お金に苦労せず、幸せに生きていくことを目指すこの連載。今回の相談は、徳富わか子さん(仮名・37歳  建設会社勤務)からの質問です。

「37歳、既婚の会社員です。2年前、35年ローンでマンションを購入しました。ローンを組んだのは夫です。

ネットなどを見ると繰り上げ返済したほうが得、逆に繰り上げしないで長く借りたほうが得とか、変えないほうがいいとか、いろいろな情報がでてきます。実際のところはどうなのでしょうか。

私は、手持ちのお金があったほうがいいと思うので、繰り上げ返済せず、少しずつ返したほうがいいと思うのですが、夫はローンを抱えている状況から一刻も早く抜けたいと言って、ボーナスなども返済にあてているようです。

そこで質問です。

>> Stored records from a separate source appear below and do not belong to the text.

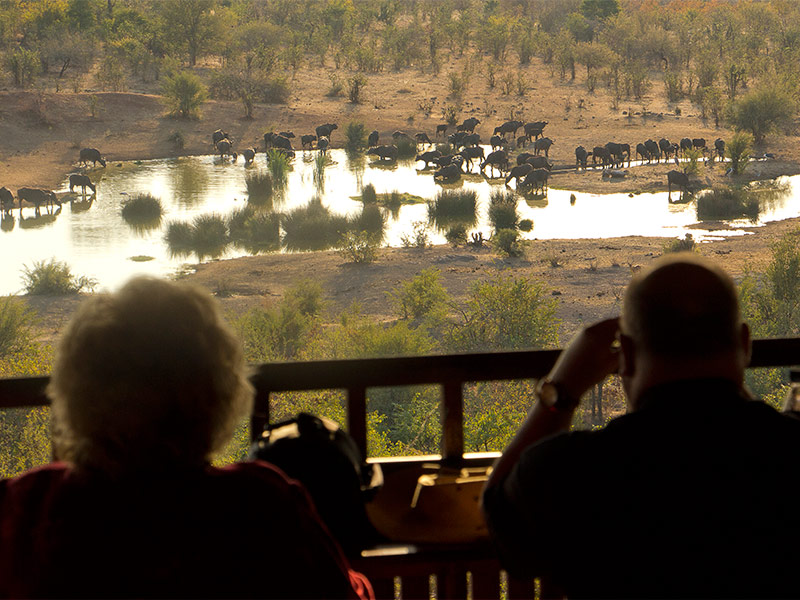 Vanuit de lodge is er vrij uitzicht op de omliggende bush en vanaf de terrassen worden geregeld wilde dieren waargenomen.
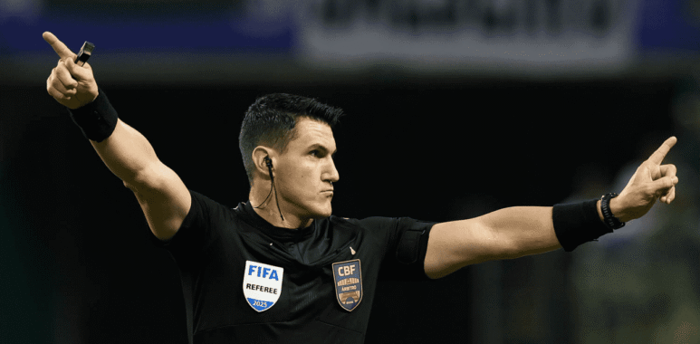 Árbitro gaúcho de 35 anos (28/03/1990), entrou para o quadro internacional em 2024, após boas atuações na série A do Campeonato Brasileiro de 2023. Considerando o jogo desta noite no Allianz Parque, foi o 16º na atual temporada deste campeonato, mostrando 70 cartões amarelos e dois vermelhos diretos, assinalando uma penalidade máxima.
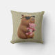 Cute Capybara Hugging Teddy Bear Sage Green Cushion
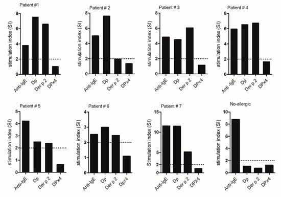 Basophil activation test. Stimulation index obtained in samples from seven allergic patients stimulated with anti-IgE, Dp (extract), Der p 2, and DPx4.
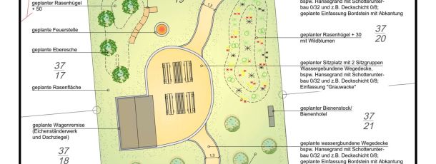 Es sollen durch umfangreiche Begrünungsmaßnahmen (Gehölze, Hecken, Blühwiesen, Obstbäume, Bienenhotel) neue innerörtliche Oasen geschaffen werden. Sitzbänke und die Wagenremise laden zum Verweilen ein. Ergänzt werden die Bereiche durch eine Pergola (Burgstraße) sowie durch Sandsteinblöcke, eine Feuerstelle und ein Bienenhotel (Am Busch).
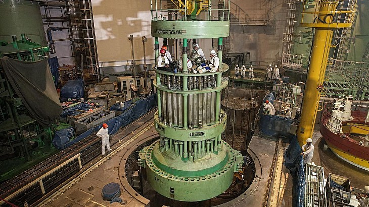 反应堆装配过程包括安装反应堆内部设备,如轴和挡板、装载假燃料和安装保护管单元。下一阶段是液压试验。
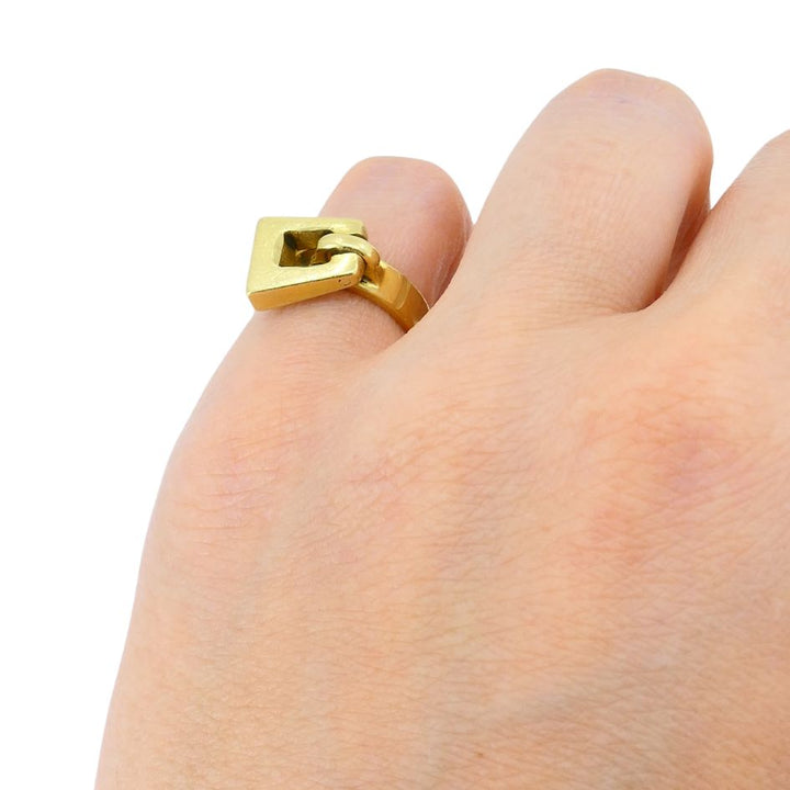 This 18k gold ring by Tiffany & Co., circa 1970s. The padlock-inspired design incorporates a functional hinge, allowing movement in the central element. This kinetic feature adds both visual interest and a tactile experience. Weighing 9.2 grams, the ring has a width of 3/8" and is stamped with "18k" and "Tiffany," confirming its authenticity. Designed in a size 5.5, it can be resized if needed. The band is solid and well-proportioned, providing a comfortable fit. As a vintage piece, it shows some wear consistent with age, contributing to its character. This ring reflects Tiffany & Co.’s legacy of innovative, high-quality craftsmanship in fine jewelry design.

すでにローンを組んでいる状況のなかで、どうするのが金銭的に得ですか?」

とくに大きな買い物の場合、利子が大きくなります。「手の届く範囲」で購入したつもりが、利子分を足したら莫大でびっくり!ということもあります。そうなると、できるだけ「払う額をコンパクトにしたい」と考えるもの。では、本当に繰り上げ返済したら、得になるんでしょうか。森井じゅんさんに聞いてみましょう。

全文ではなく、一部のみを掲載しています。